I should have listened sooner.

My phone buzzed in the cupholder. Again. I didn’t look at it. I’d stopped looking three hours ago, when the notifications became too much to bear.

The video had spread faster than I could have imagined, picked up by one of those accounts that posts content for people to mock. Last time I’d checked, it had over two million views and climbing. The comments were a nightmare.

She literally works at the Naughty Fork. What did she expect?

Play stupid games, win stupid prizes.

I’d grab her too lmao

Imagine being this unhinged over nothing.

Nothing. Like his hand hadn’t been under my shorts. Like I hadn’t told him twice already to stop touching me. Like I hadn’t been doing my job, trying to earn enough to cover rent and groceries and the electricity bill that was already two weeks late.

The road curved sharply, and I jerked the wheel, overcorrecting. My tires slipped on something slick beneath the snow, and for one heart-stopping moment, I felt the back end of my car start to slide. I eased off the gas, held my breath, and somehow managed to straighten out.

I needed to stop. Find somewhere to wait out the storm. But there was nothing out here. Nothing but trees and darkness and endless white.

Then I saw it. Through the curtain of snow, something dark and hulking appeared in my headlights. My brain—exhausted and tear-soaked—took a moment to process what I was seeing. A bear? Standing upright. But it was small and completely still. And positioned in a way that made no anatomical sense, like it was hugging something.

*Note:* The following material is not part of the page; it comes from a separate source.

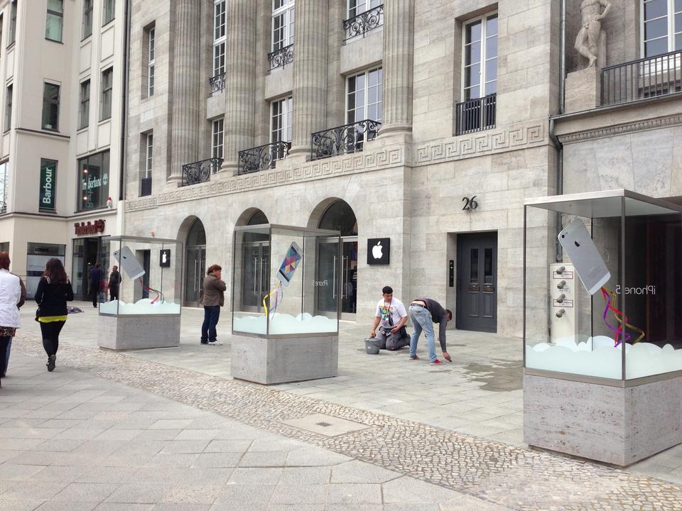 Již tento pátek, tedy 3. 5. 2013 se otevřou brány nového Apple Store v Berlíně. Na otevření obchodu již nyní lákají vitríny s iPhone 5. O tom, že to Němci s otevřením nového Apple Store myslí skutečně vážně svědčí také fotografie, na kterých je jasně vidět, jak čistí chodník před samotným obchodem, zkrátka v pátek musí být vše zcela dokonalé. Pokud si chcete udělat do Apple Store výlet, určitě se vyplatí do něho zavítat již v pátek v době otevření, kde jako při každém otevření nového Apple Store obdržíte trička s logem společnosti Apple, které není možné sehnat nikde jinde, než při otevření nového Apple Store a to zcela zdarma.
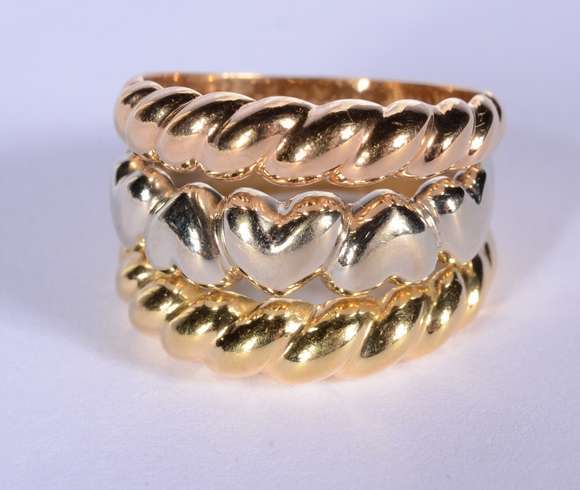 Anel de ouro 18 k., contraste 750 mls feitio torcido nas laterais e corações em ouro branco, aro 18. (Por motivos de ...

I blinked. The shape didn’t move.

That’s not a bear, I thought. Bears don’t stand like that. Bears don’t?—

Whatever it was, my car was heading straight toward it. I pumped the brakes, but the car continued its forward movement, the bear getting closer and closer?—

My front bumper connected with something solid, and the impact jolted through the car hard enough to snap my teeth together. I slammed on the brakes, skidded another few feet, and finally lurched to a stop.

For a long moment, I just sat there, hands shaking on the wheel, heart pounding against my ribs. What had I hit? A bear? A figurine of a bear? I didn’t understand.